How it should happen that any man could be tempted to venture upon such a project of government, may at first view appear surprising. But the fact is that opportunities very inviting to such an attempt have offered; and the scheme itself was not destitute of some arguments, not wholly unplausible, to recommend it. These opportunities and these arguments, the use that has been made of both, the plan for carrying this new scheme of government into execution, and the effects which it has produced, are, in my opinion, worthy of our serious consideration.
His Majesty came to the throne of these kingdoms with more advantages than any of his predecessors since the revolution. Fourth in descent, and third in succession of his royal family, even the zealots of hereditary right, in him, saw something to flatter their favorite prejudices; and to justify a transfer of their attachments, without a change in their principles. The person and cause of the Pretender were become contemptible; his title disowned throughout Europe; his party disbanded in England.

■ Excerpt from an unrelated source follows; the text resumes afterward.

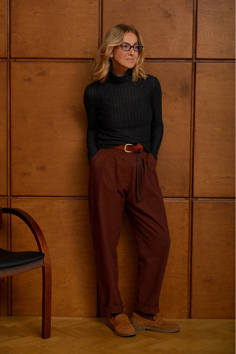 Водолазка в графитовом оттенке. Мягкий, приятный к коже эластичный ажурный трикотаж на основе вискозы. Комфортно облегает силуэт, приятный на ощупь и отлично подходит для ношения под жакет. Удлиненный рукав.

His Majesty came, indeed, to the inheritance of a mighty war; but, victorious in every part of the globe, peace was always in his power, not to negotiate, but to dictate. No foreign habitudes or attachments withdrew him from the cultivation of his power at home. His revenue for the civil establishment, fixed (as it was then thought) at a large, but definite sum, was ample without being invidious. His influence, by additions from conquest, by an augmentation of debt, by an increase of military and naval establishment, much strengthened and extended. And coming to the throne in the prime and full vigor of youth, as from affection there was a strong dislike, so from dread there seemed to be a general averseness, from giving anything like offence to a monarch, against whose resentment opposition could not look for a refuge in any sort of reversionary hope.
These singular advantages inspired his Majesty only with a more ardent desire to preserve unimpaired the spirit of that national freedom, to which he owed a situation so full of glory. But to others it suggested sentiments of a very different nature. They thought they now beheld an opportunity (by a certain sort of statesmen never long undiscovered or unemployed) of drawing to themselves by the aggrandizement of a court faction, a degree of power which they could never hope to derive from natural influence or from honorable service; and which it was impossible they could hold with the least security, whilst the system of administration rested upon its former bottom. In order to facilitate the execution of their design, it was necessary to make many alterations in political arrangement, and a signal change in the opinions, habits, and connections of the greatest part of those who at that time acted in public.